Bowed bicycle wheels, a deer head turned into a Theremin, vuvuzela solos, a cover of Art Garfunkel's 'Bright Eyes'? Norfolk trio Transept speak to Joe Clay about the sheer love of sound that they channeled into their delightfully drone-ridden new album Buff As Fuck

Photo by Dan Bosworth

First impressions are important, especially in music, when journalists are drowning in piles of promo CDs and streaming links. So it's taking a calculated risk to title your album Buff As Fuck. It's the sort of thing a clueless executive might insist a malleable gym-honed boy band call their record, and a title that conjures up images of characters in The Only Way is Essex remarking on the latest hunk to swagger into the tanning salon. Of course, the discerning journalist should dig deeper and never judge a book by its cover (in this case, a bubblegum pink and baby blue mountain range, with the title in floral script), but two-thirds of Norwich-based noise-synth/drone trio Transept, Alex Sanders and Phil Archer, admit that naming things isn't their strong point. "The title has polarised people a bit," explains Archer, as part of an email interview conducted with the band. "Because we don't really write 'songs', naming tracks is always a tricky part of the process."

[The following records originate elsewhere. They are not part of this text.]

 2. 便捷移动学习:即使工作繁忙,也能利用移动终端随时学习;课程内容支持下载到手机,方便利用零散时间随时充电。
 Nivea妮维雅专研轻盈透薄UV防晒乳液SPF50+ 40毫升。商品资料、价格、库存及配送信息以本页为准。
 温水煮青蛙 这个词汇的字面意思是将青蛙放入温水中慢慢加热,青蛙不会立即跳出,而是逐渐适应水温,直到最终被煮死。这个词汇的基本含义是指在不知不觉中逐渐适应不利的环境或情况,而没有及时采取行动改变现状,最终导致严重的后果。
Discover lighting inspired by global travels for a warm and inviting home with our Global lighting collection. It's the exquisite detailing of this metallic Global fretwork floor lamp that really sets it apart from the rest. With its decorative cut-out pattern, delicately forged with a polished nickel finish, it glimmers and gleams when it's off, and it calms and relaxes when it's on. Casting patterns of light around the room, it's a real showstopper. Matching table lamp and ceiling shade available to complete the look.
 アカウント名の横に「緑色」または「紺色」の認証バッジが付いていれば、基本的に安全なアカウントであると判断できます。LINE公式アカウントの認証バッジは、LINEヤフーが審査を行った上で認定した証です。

Indeed, Transept don't write songs – not in the traditional verse, chorus, verse, chorus sense. Instead they peddle a beguiling mix of drones, fuzzy feedback, melancholic space-rock, ancient folk and spooky electronica, a concoction that started on their excellent debut (entitled TRSPT001 after its catalogue number: further proof of their aversion to naming things) and is continued with Buff As Fuck, which is again released on their own Dronehenge Records label. Further alienating the casual listener, the opening track on BAF is 'Happysburgh', an epic 15-minute drone piece that ebbs and flows but barely changes sonically over the course of its duration.

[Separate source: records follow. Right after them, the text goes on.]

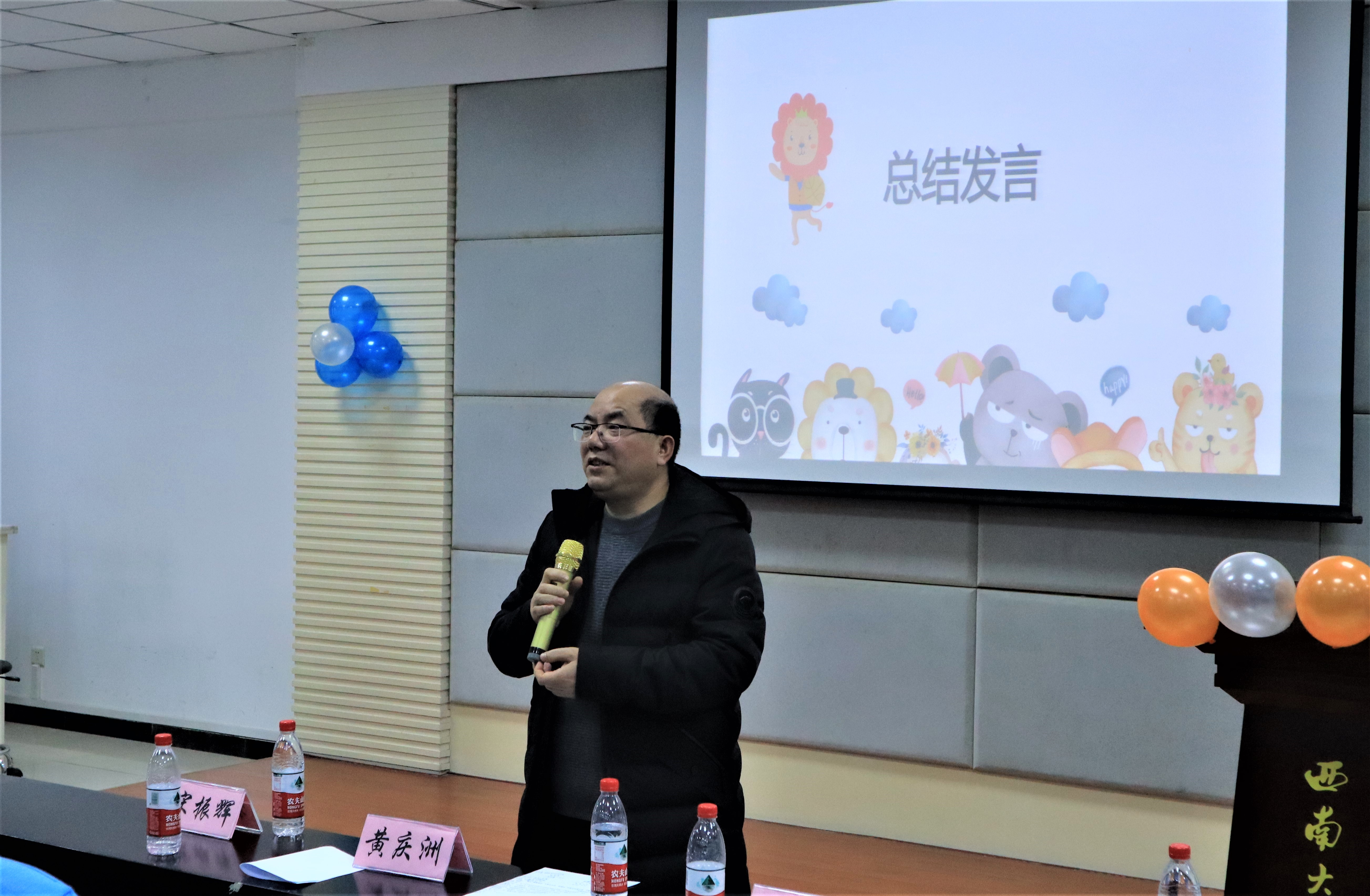 学院党委副书记黄庆洲对本次活动做总结讲话,他从活动思想高度、同学参与度、内容专业及丰富度、活动现场同学热情度等多个角度进行了总结,强调竞赛项目涉及到动物医学专业知识与党建基础知识,既展现了学院的专业特色,又充分契合了学校党建与事业融合发展新要求,相信本次活动的成功开展,一定会为接下来的研究生生活增加新的激情和动力。
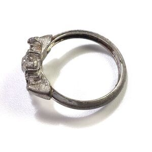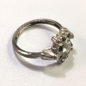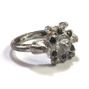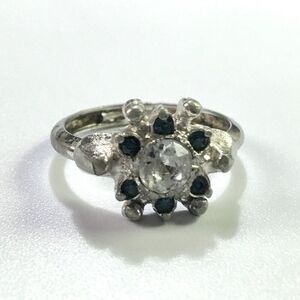 This vintage Avon ring from 1974 features a stunning starburst design with blue rhinestones that were made to imitate sapphires. Made with silver plating and a clear or colorless main stone shape, this ring is a perfect accessory for any occasion. The ring size is 7.5 and is designed for women. The brand is Avon and the metal purity is unknown. The band measures about 2mm wide. It is in poor condition with heavy wear throughout (wear on the stones, the finish, and the metal).
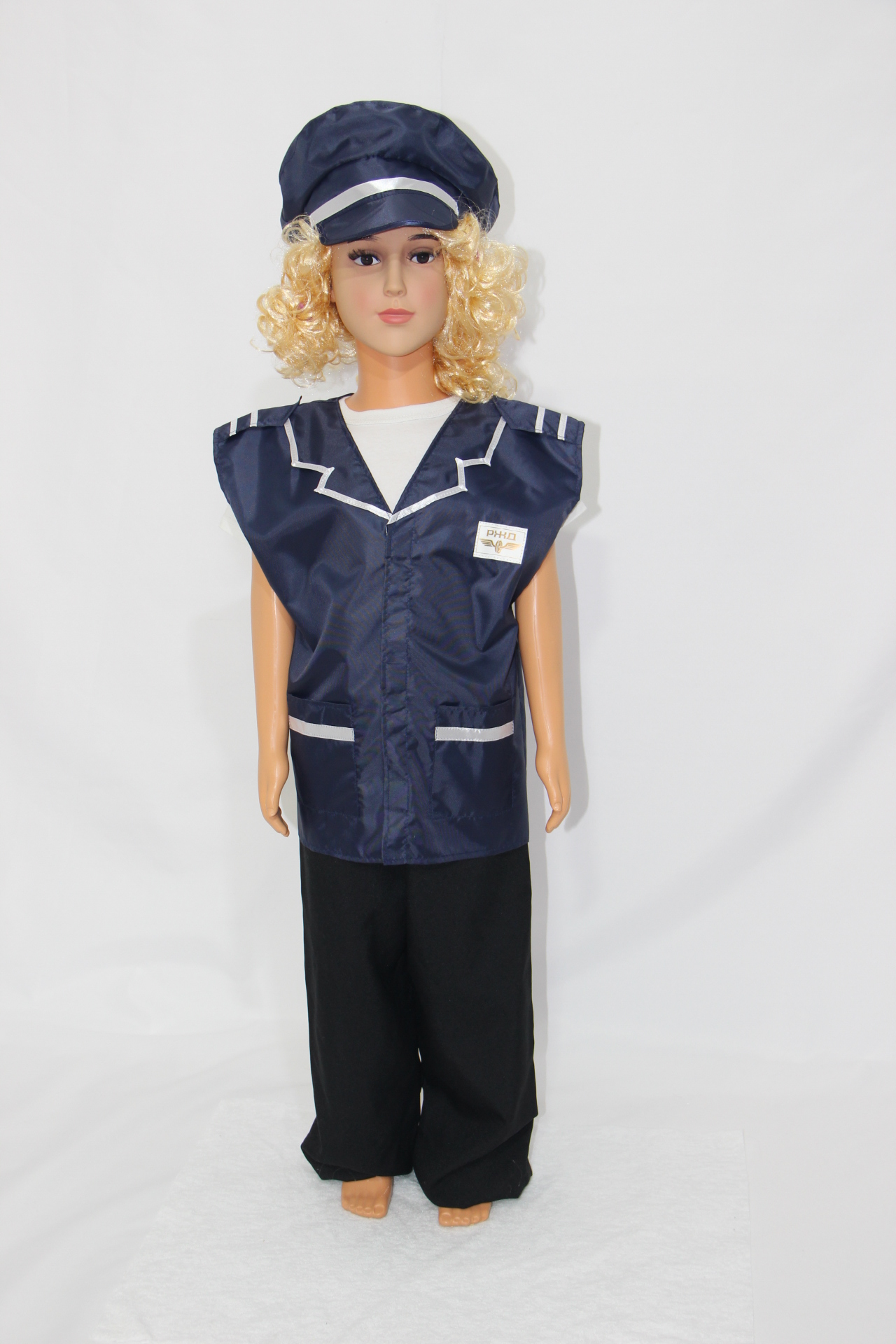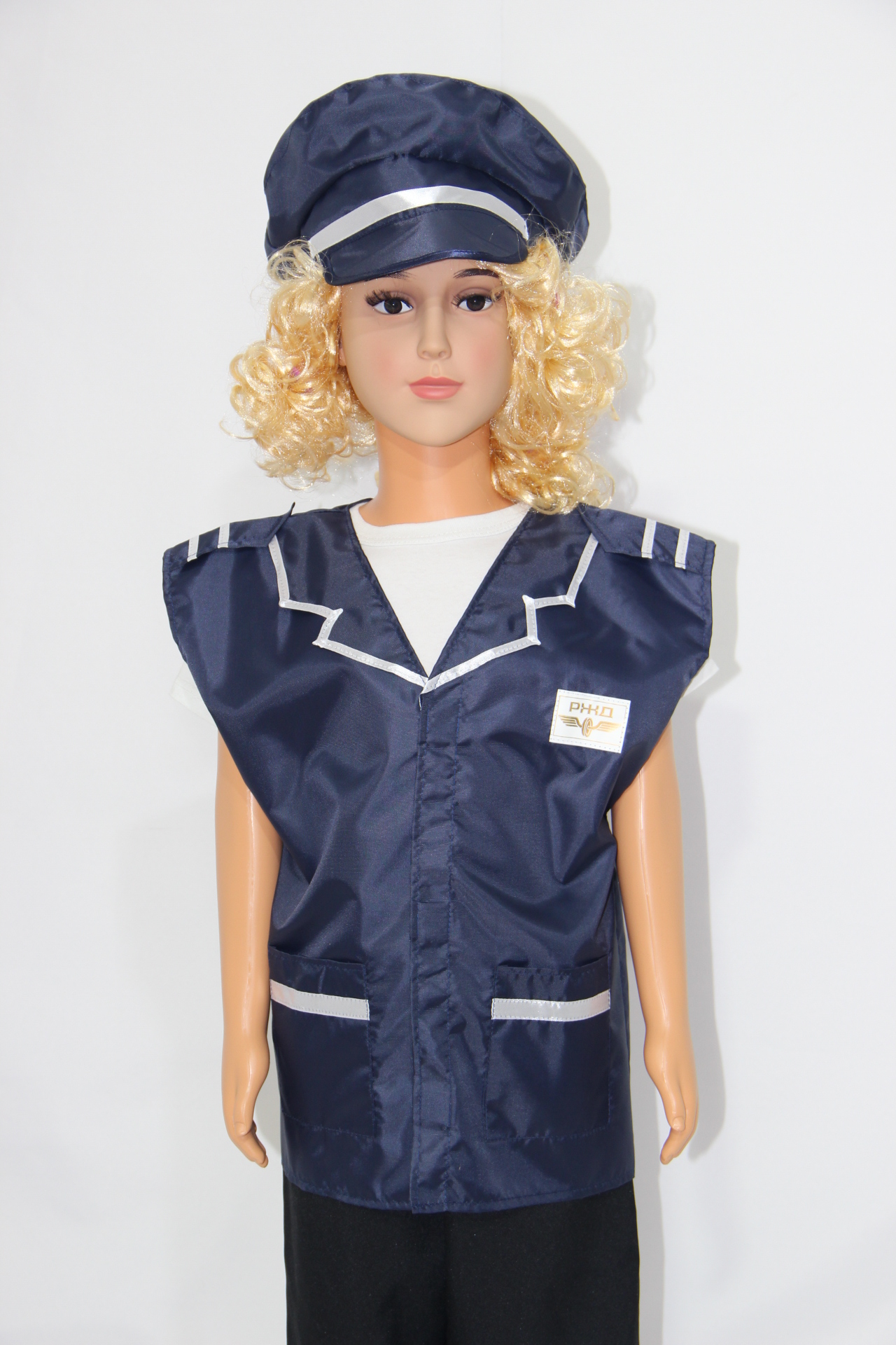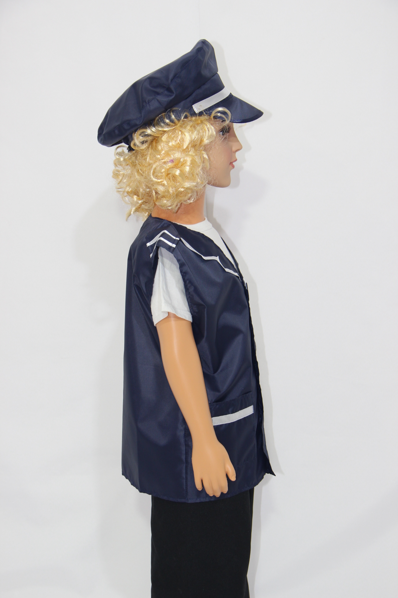 Комплект включает в себя жилет и фуражку, которые выглядят, как настоящие. Полиэстер в составе материала делает одежду износостойкой, позволяет ей выдерживать даже самую активную эксплуатацию.

In this context, the album title does make some kind of sense. "Opening with a 15-minute drone could be seen as a kind of macho, posturing move," admits Sanders. But Transept are definitely not a macho band. The hirsute trio (Liam Wells is the third member) met while studying in Norwich, bonding over a love of cool noises and the bizarre homemade instruments that give Transept compositions their distinctive edge. Their first album was funded by a grant from Arts Council East and they have started to build a following through their live sets, which take the form of long-form improvisations to make each performance unique. But a serious demeanour is balanced by a surreal sense of humour – one live set included a version of Queen's 'We Will Rock You' embellished by vuvuzelas, and they also recorded an alternative soundtrack to the emotive lapine animation Watership Down. A haunting cover of Art Garfunkel's No 1 single, 'Bright Eyes', closes Buff As Fuck.

"As a band we sometimes wrestle with conventions and expectations, and doubt our intuition," says Archer. "We kept saying, 'Can we really release an album called Buff As Fuck that opens with a 15-minute drone track and closes with a cover of 'Bright Eyes'?' We think it's great, but what will everyone else think?"

Well, if these ears are anything to go by, the superlatives will be being rolled out from all quarters. As well as the aforementioned songs, stand-out tracks on Buff As Fuck (which you can listen to via the embed below) include 'Muscle Beach', which recalls Fuck Buttons with its fizzing synths, portentous drones and military percussion, and 'Sea Sentinel', which marries delightful plinky-plonky electronics with delicate folk. A further seal of quality comes with the fact that the album is mixed by kraut-tech wunderkind and fellow Norfolker Luke Abbott, and while it seems unlikely that Transept will ever notch a chart-topping single of their own, their intuition is working fine – dodgy album titles notwithstanding.

There's not a huge amount of information out there about Transept – perhaps that's how you like it, but... who are you? Can you tell me a bit about your respective backgrounds and how you came together as Transept.

Alex Sanders: We met in Norwich. I was starting a Composition and Sound Art Master's degree just as Phil was finishing his PhD. We were in the university studio together quite a lot, with Phil showing me the way. Liam was working at the Art School in Norwich but there was a lot of cross over between the two institutions in those days. Norwich is not a big place and it's enthusiastic – if you're making music of any kind you can't help but meet everyone else.

In trying to pinpoint references, I can clearly hear the evocative melodies of traditional Eastern and English folk music in the mix – both at the same time on 'Antler Song'. Are you interested in musical heritage and folk traditions? What are your influences?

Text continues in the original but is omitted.